## WHAT YOU HAVE TO DO
Word for word, restate the lines of the data below between those holding "Let’s Shop Custom" and "殷老师指出,视不同情况调整相", inclusive; pictures do not belong in the copy.

## MATERIAL FOR THIS TASK
= = = = =
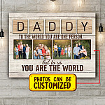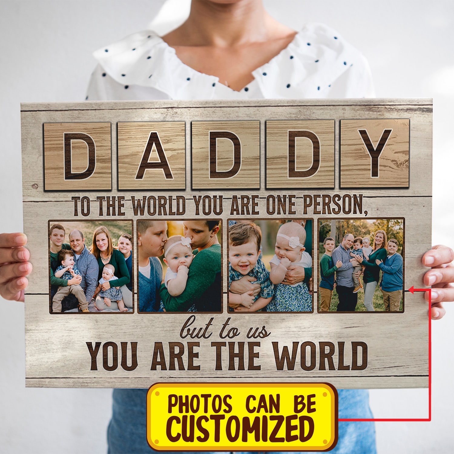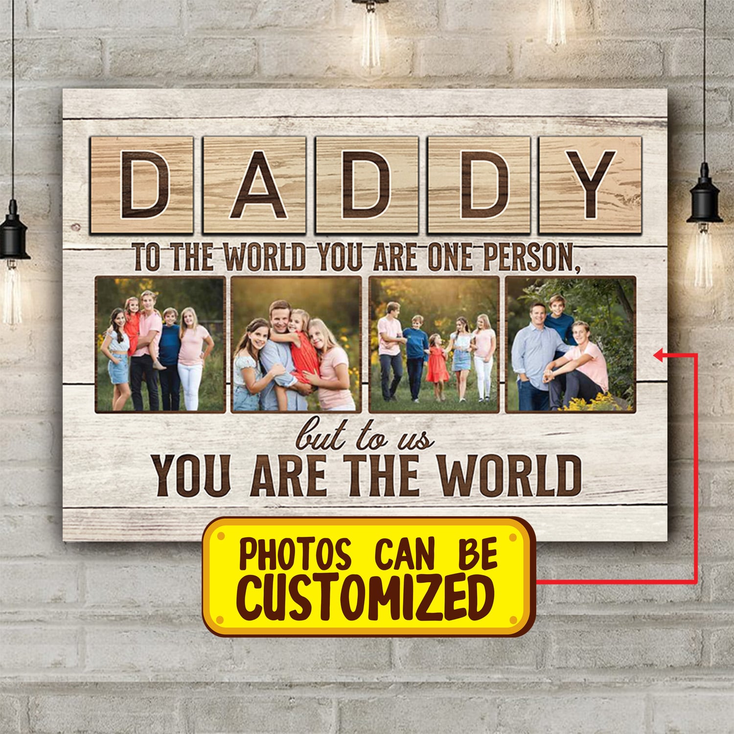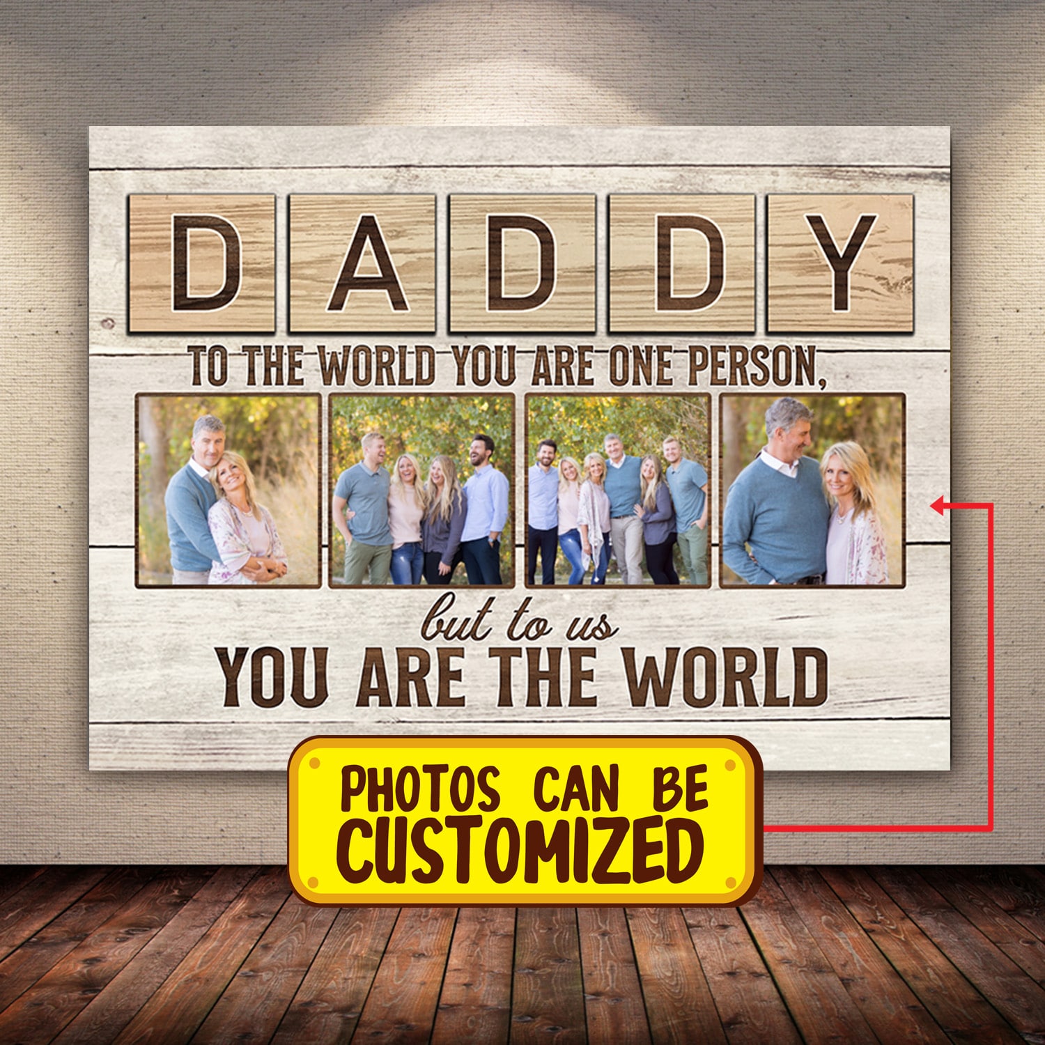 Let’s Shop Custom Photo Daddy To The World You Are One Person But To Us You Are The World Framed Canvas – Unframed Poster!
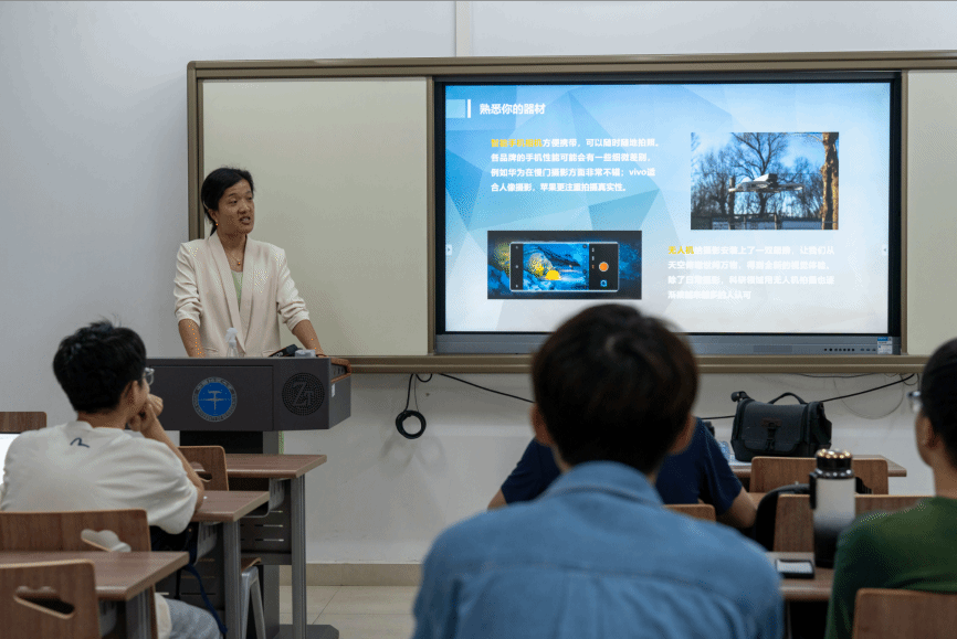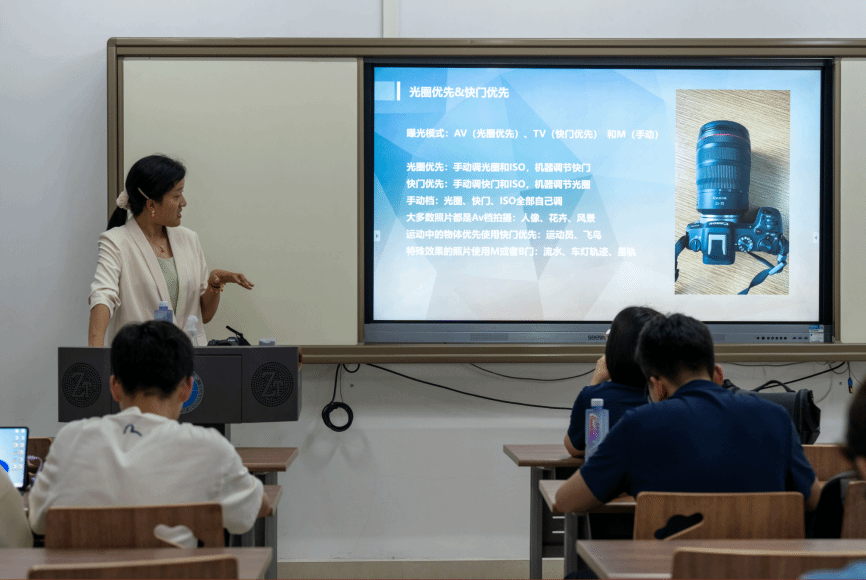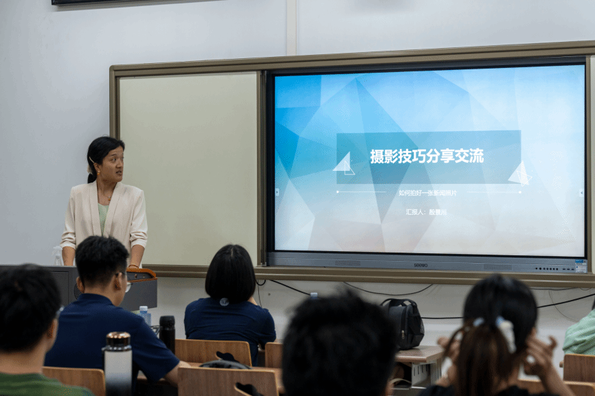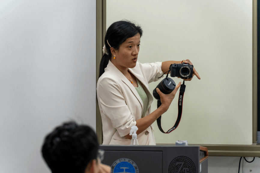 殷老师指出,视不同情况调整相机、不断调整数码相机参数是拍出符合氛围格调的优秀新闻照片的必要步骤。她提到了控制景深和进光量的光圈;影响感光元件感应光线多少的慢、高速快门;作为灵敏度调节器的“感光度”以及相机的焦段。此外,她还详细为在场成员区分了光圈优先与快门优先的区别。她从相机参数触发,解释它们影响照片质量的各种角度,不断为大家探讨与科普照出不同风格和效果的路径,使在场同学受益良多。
= = = = =
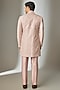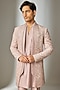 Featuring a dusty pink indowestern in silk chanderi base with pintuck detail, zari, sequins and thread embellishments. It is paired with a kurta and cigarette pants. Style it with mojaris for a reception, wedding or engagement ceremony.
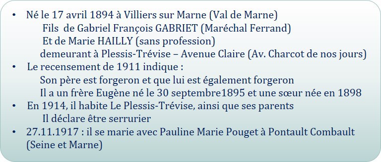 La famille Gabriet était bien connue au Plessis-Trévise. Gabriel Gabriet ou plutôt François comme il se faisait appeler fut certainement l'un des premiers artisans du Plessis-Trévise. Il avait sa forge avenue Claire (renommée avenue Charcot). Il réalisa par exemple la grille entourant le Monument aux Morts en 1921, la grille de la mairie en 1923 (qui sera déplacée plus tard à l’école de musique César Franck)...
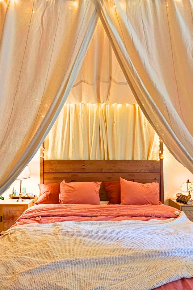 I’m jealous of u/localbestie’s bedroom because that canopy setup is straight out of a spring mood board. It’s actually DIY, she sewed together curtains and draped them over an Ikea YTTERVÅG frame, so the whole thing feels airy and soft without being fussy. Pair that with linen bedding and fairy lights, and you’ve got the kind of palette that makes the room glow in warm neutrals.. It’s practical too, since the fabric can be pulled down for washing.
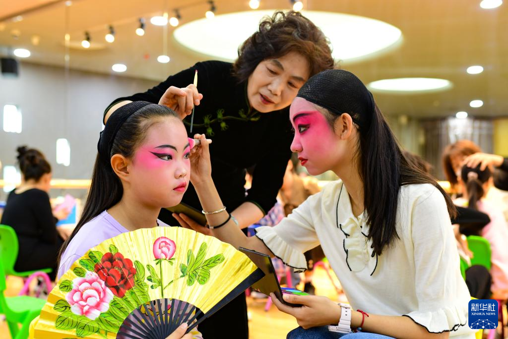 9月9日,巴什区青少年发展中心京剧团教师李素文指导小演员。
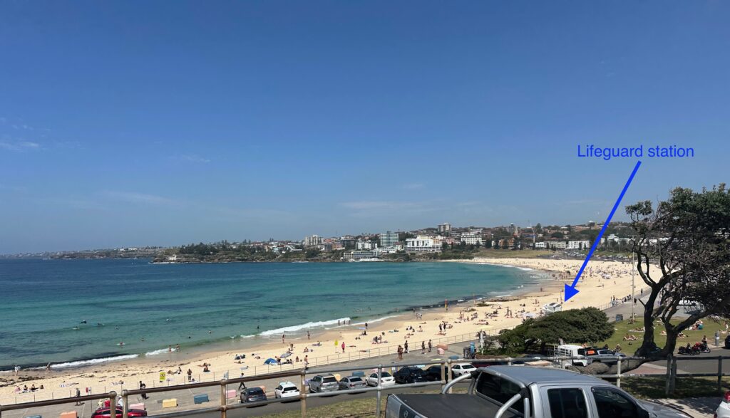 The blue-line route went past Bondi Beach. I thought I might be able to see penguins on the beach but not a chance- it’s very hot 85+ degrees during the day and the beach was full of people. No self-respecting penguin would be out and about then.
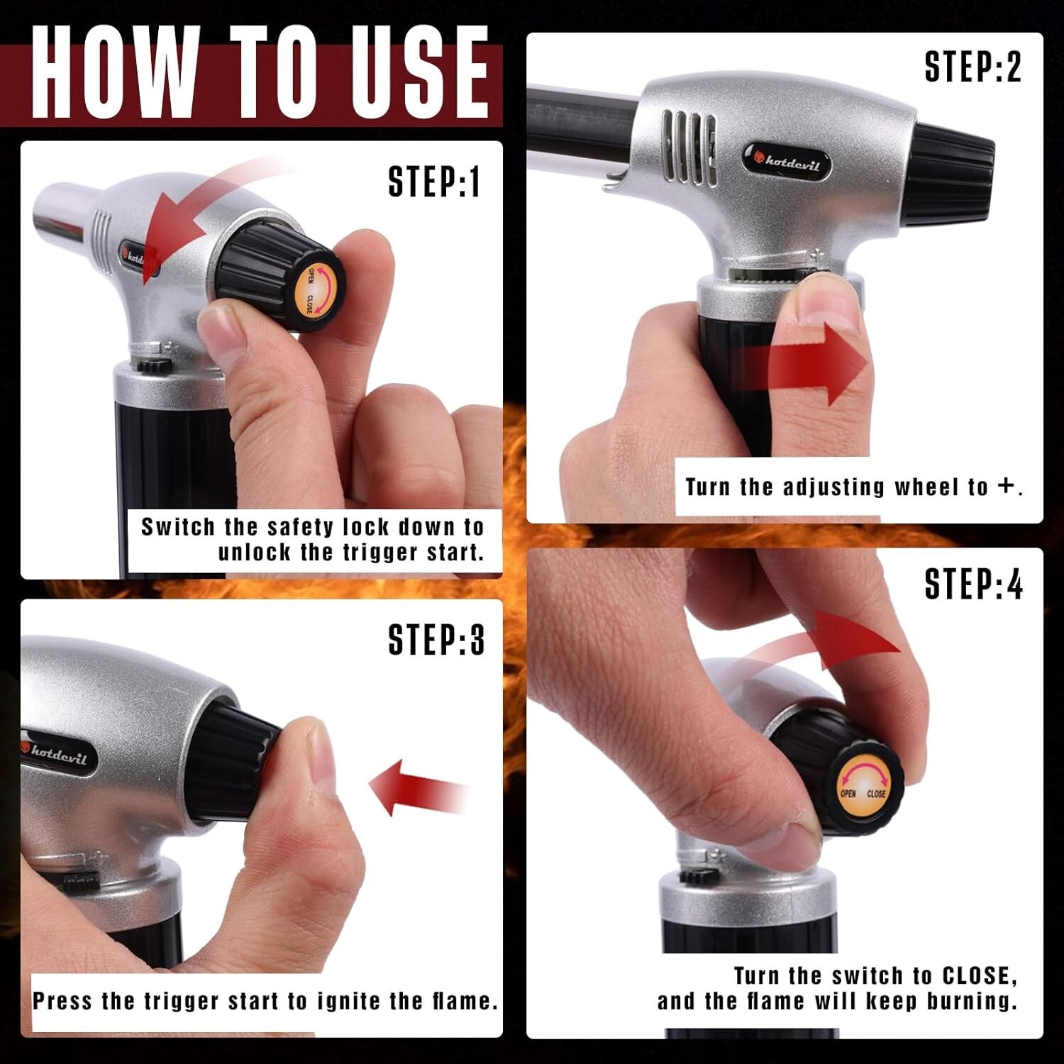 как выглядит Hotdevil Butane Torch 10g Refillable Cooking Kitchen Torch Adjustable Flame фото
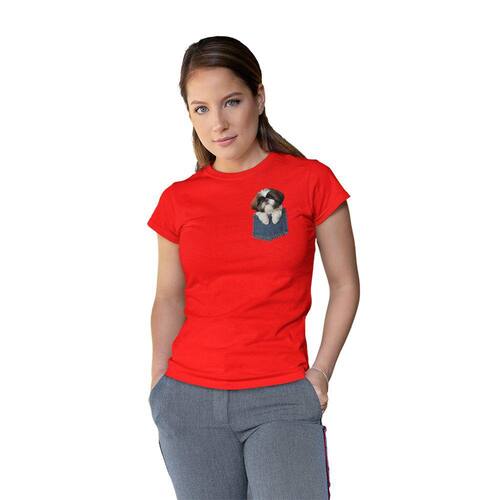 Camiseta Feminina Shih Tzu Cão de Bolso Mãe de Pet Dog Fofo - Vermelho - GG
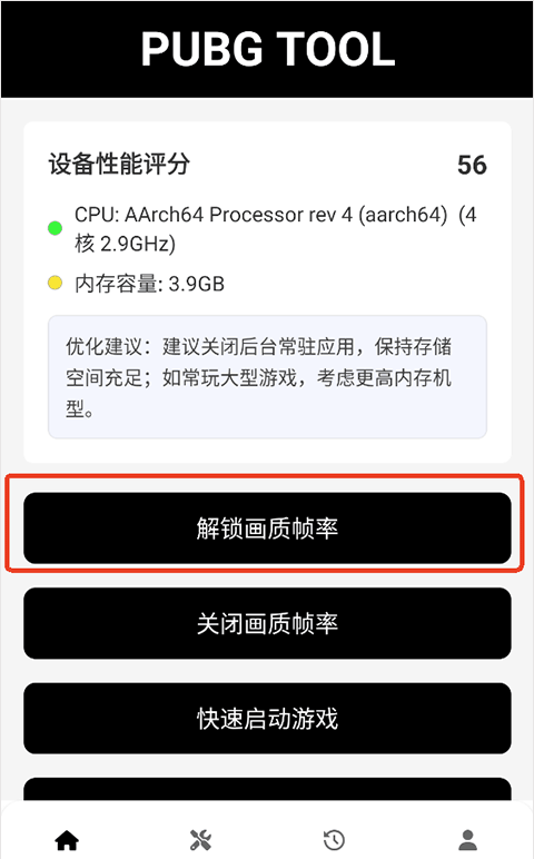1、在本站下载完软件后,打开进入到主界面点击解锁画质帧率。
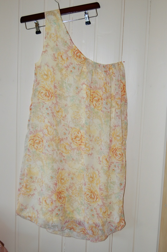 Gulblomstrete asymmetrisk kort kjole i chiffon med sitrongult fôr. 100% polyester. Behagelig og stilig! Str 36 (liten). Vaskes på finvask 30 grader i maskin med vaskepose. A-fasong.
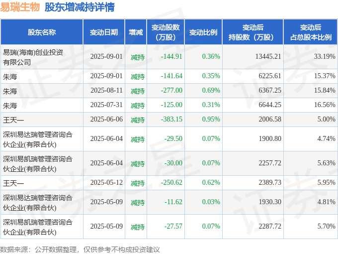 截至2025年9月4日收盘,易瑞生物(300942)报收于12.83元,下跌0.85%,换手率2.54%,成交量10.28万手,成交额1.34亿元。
= = = = =
## EXPECTED OUTPUT
 Let’s Shop Custom Photo Daddy To The World You Are One Person But To Us You Are The World Framed Canvas – Unframed Poster!
 殷老师指出,视不同情况调整相机、不断调整数码相机参数是拍出符合氛围格调的优秀新闻照片的必要步骤。她提到了控制景深和进光量的光圈;影响感光元件感应光线多少的慢、高速快门;作为灵敏度调节器的“感光度”以及相机的焦段。此外,她还详细为在场成员区分了光圈优先与快门优先的区别。她从相机参数触发,解释它们影响照片质量的各种角度,不断为大家探讨与科普照出不同风格和效果的路径,使在场同学受益良多。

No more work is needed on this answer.